The MLP performed best than other models, with an accuracy of 0.886 and 0.903, sensitivity of 0.914 and 0.867, specificity of 0.857 and 0.937, and AUC of 0.957 and 0.908 in the training and validation cohorts, respectively. There was no significant difference compared to the senior radiologist in accuracy (0.903 vs. 0.839, p = 0.988 using chi-squared test). The end-to-end CNN model achieved an accuracy of 0.957 and 0.839, sensitivity of 0.971 and 0.867, specificity of 0.943 and 0.813, and AUC of 0.957 and 0.840 in the training and validation cohorts, respectively, which had no significant difference in validation accuracy compared to the MLP model (p = 0.472) and the senior radiologist (p = 0.470).
We added Figure 5 which includes six cases Grad-Cam++ heatmaps that were obtained from the last convolutional layer in the network. The heatmaps might provide the most important regions that influenced the diagnosis decision. The deep red regions overlapped with the tumor area.
Discussion
Differentiation between PCNSL and glioma is an important but challenging task. The question of “PCNSL” or “glioma” may become “resection or nonsurgical treatment” bypassing the steps of biopsy, histological evaluation, and postsurgical patient recovery. This would undoubtedly help expert neurosurgeons to optimize both patient outcomes and the cost-effectiveness of neurosurgical care (25). In this review, we explored various machine learning and deep learning methods based on radiomic features extracted from CT scans to predict PCNSL and glioma types and compare the performance of different models on 101 patients from five Chinese medical centers. Among all the models, the MLP model performed best, with an accuracy of 0.886 and 0.903, sensitivity of 0.914 and 0.867, specificity of 0.857 and 0.937, and AUC of 0.957 and 0.908 in the training and validation cohorts, respectively, and was significantly higher than the three primary physician's diagnoses (ACCs ranged from 0.710 to 0.742, p < 0.001 for all) and comparable with the senior radiologist (ACC 0.839, p = 0.988). The end-to-end CNN model achieved an AUC of 0.839 and an ACC of 0.840 in the validation cohort, which had no significant difference in accuracy compared to the MLP model (p = 0.472) and the senior radiologist (p = 0.470). The CNN model used raw CT scans as input. Feature extraction and selection were automated and implemented. The coarse localization heatmaps help to give an intuitive understanding of the mechanisms of the model.

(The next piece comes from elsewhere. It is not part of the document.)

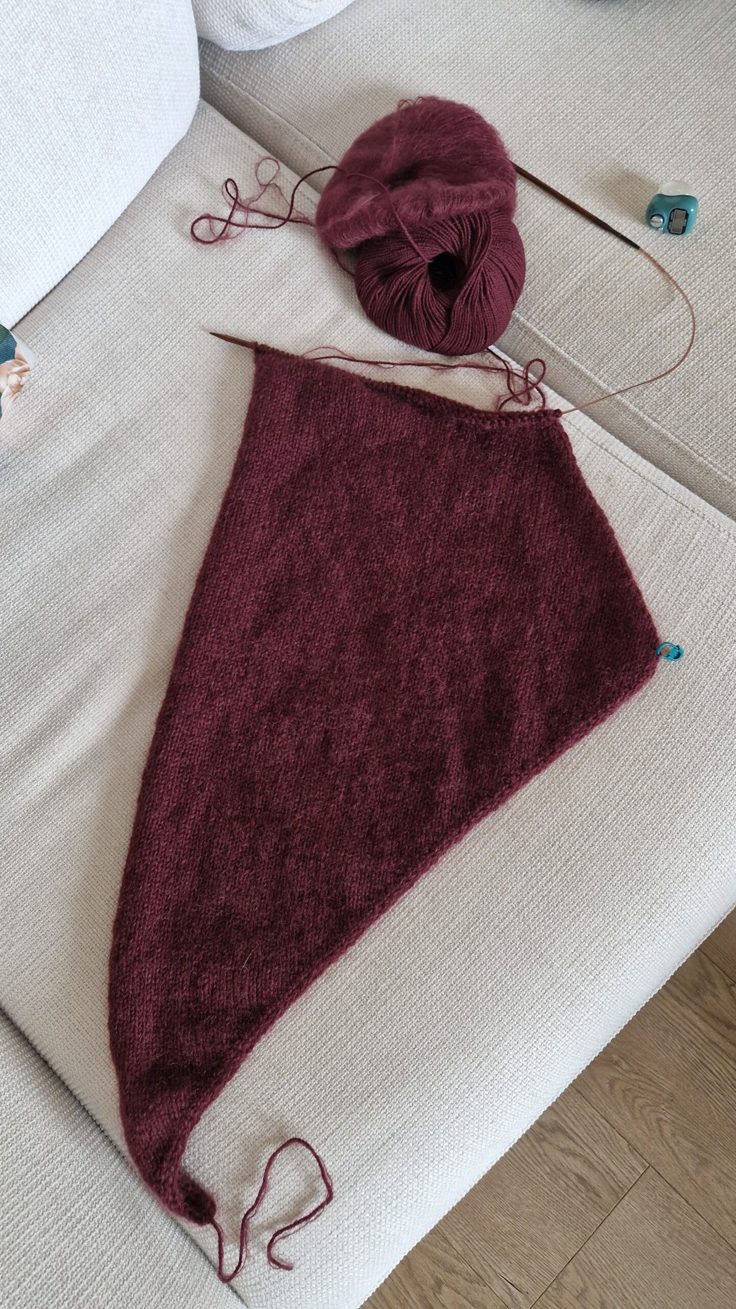 (Podane zapotrzebowanie nie obejmuje próbki. Jeśli planujesz zmiany, np. wydłużenie chusty lub wykonanie dodatkowych próbek, których nie zamierzasz pruć, zamów po dodatkowym motku włóczki).

Patients with PCNSL and glioma shared many similar clinical symptoms and overlapping imaging characteristics. In our study, the three primary physician's diagnoses results ranged from 0.710 to 0.742 and the experienced radiologist achieved 0.839. The fine-grained features of tumor regions were difficult to identify with the naked eyes. The low accuracy indicated the difficulties in identifying the two brain tumors with the gross visual. The studies reported that even using high-resolution MR sequences, visual differentiation of the two tumors was still challenging (26, 27). Radiomics enabled the conversion of original images into high-dimensional feature spaces that allowed an improved performance in PCNSL and glioma. Radiomic ML algorithms performed as well as or better than radiologists in several studies (14, 28, 29). Bathla et al. (17) compared the predictive performance of various ML techniques to differentiate between PCNSL and glioma using a combination of various feature selection and ML algorithms on 94 patients, and several models achieved comparable performance.

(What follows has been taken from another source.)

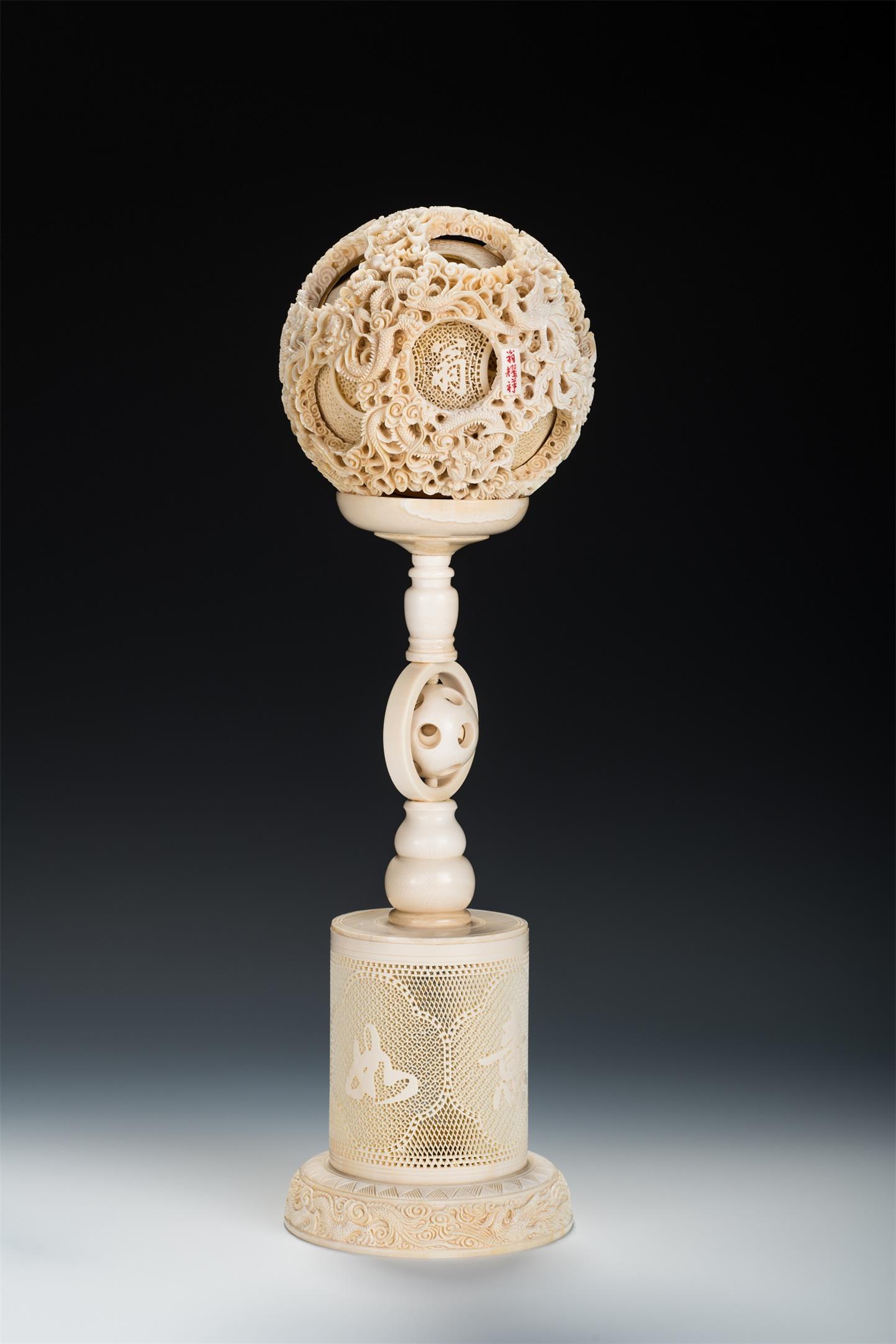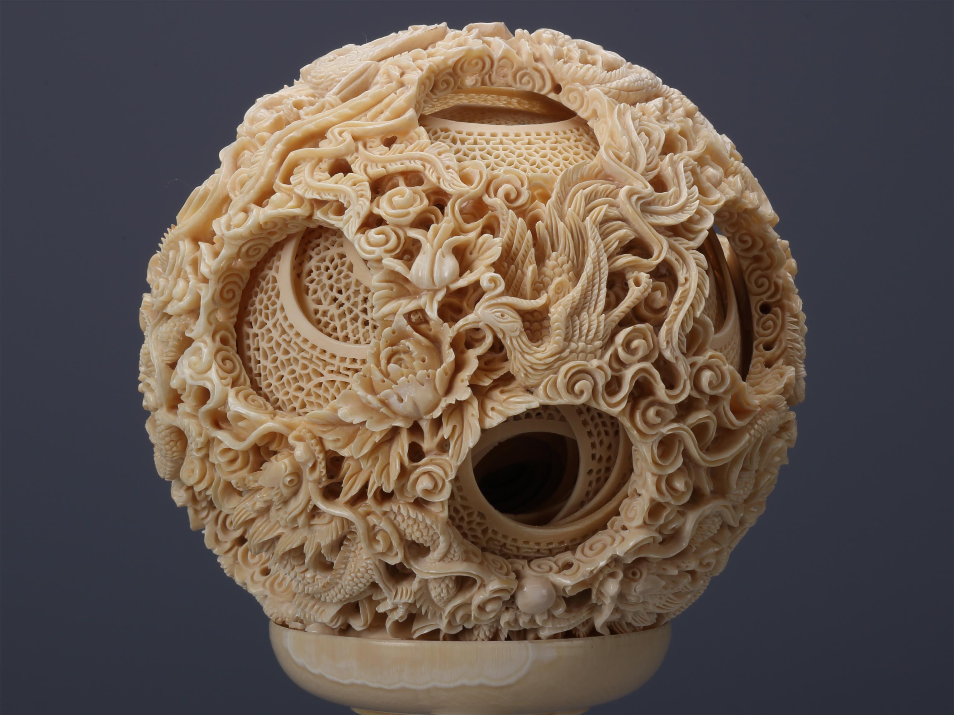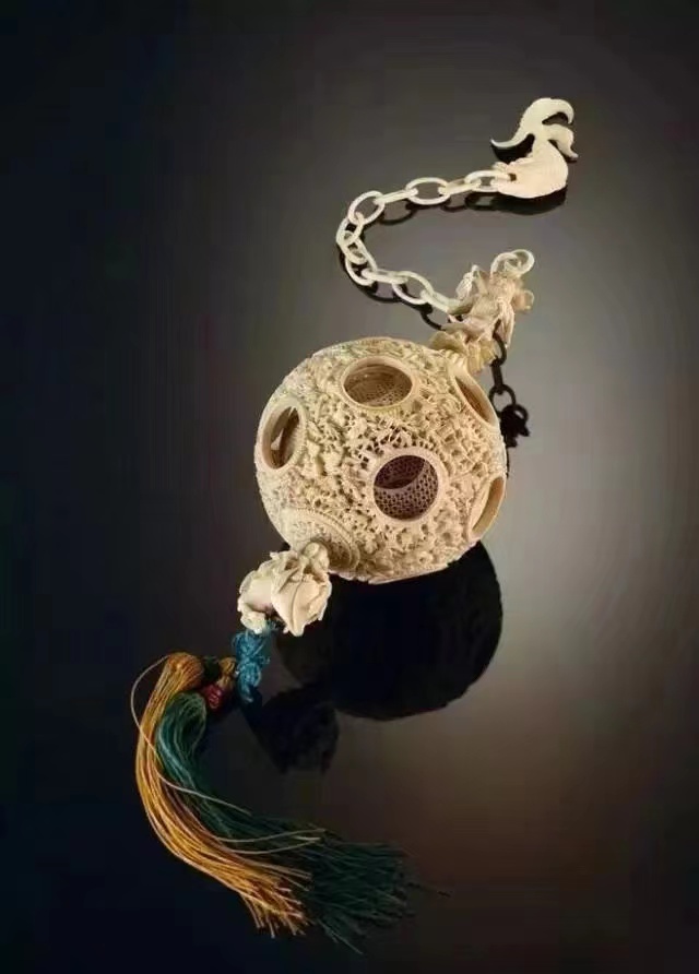 象牙球源于宋代,据史书记载,“直通一窍,内车二重,皆可转动”,亦称“鬼功球”、“仙功球”。球内卓有吉祥图案,球外雕有如意、福寿、牡丹花纹,外观显得十分晶莹华丽。自古帝王权贵都把象牙球视为富贵荣华吉祥物收藏于厅堂欣赏。

The MLP model is a type of feed-forward artificial neural network model that has the input and output layers connected by a hidden layer. It helps to evaluate nonlinear relationships in classification tasks (30) and improve efficiency (31). Yun et al. (16) established an MRI radiomic MLP model to distinguish PCNSL from glioma and found high performance, which was even better than unsupervised convolutional neural networks. In our study, among all of our machine learning methods, the nonlinear classifier SVM ranked first, which indicated that a more complex model was needed for the input features. Therefore, we established an MLP classifier that had the capability of producing a higher level and more abstracted feature selection algorithm and it performed the best.
Convolutional neural network model is an automatic model for differentiating between PCNSL and glioma. It was built on raw CT slices and required no segmentation of tumor region. Training from scratch was usually data hungry, so transfer learning was applied. Natural images shared some underlying features with medical images and the pretrained model helped to improve the convergence rate. The validation results showed that CNN model had no significant difference in accuracy compared to the senior radiologists. According to the heatmaps, the red important regions overlapped with the tumor regions, which showed that the diagnosis decision of CNN mode was based on the tumor rather than background regions. The effectiveness and reasonability have been proved.
Although the MRI is the recommended check for brain tumor diseases diagnose and it has a better resolution in brain tissue, cost-effective CT is routinely performed for patients in clinical practice. In our cases, there are final pathologically confirmed patients with PCNSL unable to accept prepuncture due to the tumor location and mistakenly underwent surgery. CT has its own advantages, such as short scan time and low price. Also, CT is performed for some patients who cannot have MR check, such as people with implantable medical devices, including pacemakers and cochlear implants. The ML or DL algorithms have achieved great success in differentiating between PCNSL and glioma on MR scans in previous studies and inspired us to verify distinguish on CT scans. To our knowledge, the effectiveness of CT-based ML or DL models for predicting the two tumors has been rarely explored before. Therefore, we collected data from multicenter and established different models to explore the performance on the two tumors classification tasks. We followed the standard radiomic process: ROI segmentation, feature selection, and model establishment and validation. An effective feature selection is a crucial step because radiomic features are multiple collinear and correlated predictors that could produce unstable estimates and might overfit predictions. In our models, 7 features remained after feature selection, and using fewer features was a good strategy against overfitting. In this study, MLP model was significantly higher than the three primary physician's diagnoses and the six machine learning methods. CNN model made comparable prediction result with MLP method (p = 0.431 in AUC) and senior radiologist (p = 0.470 in ACC). CNN was also recommended since the whole process rarely required human intervention. The multicenter study validated the robustness and generalizability of our model, and it could provide a convenient and accurate tool for radiologists to identify PCNSL and glioma types on CT scans.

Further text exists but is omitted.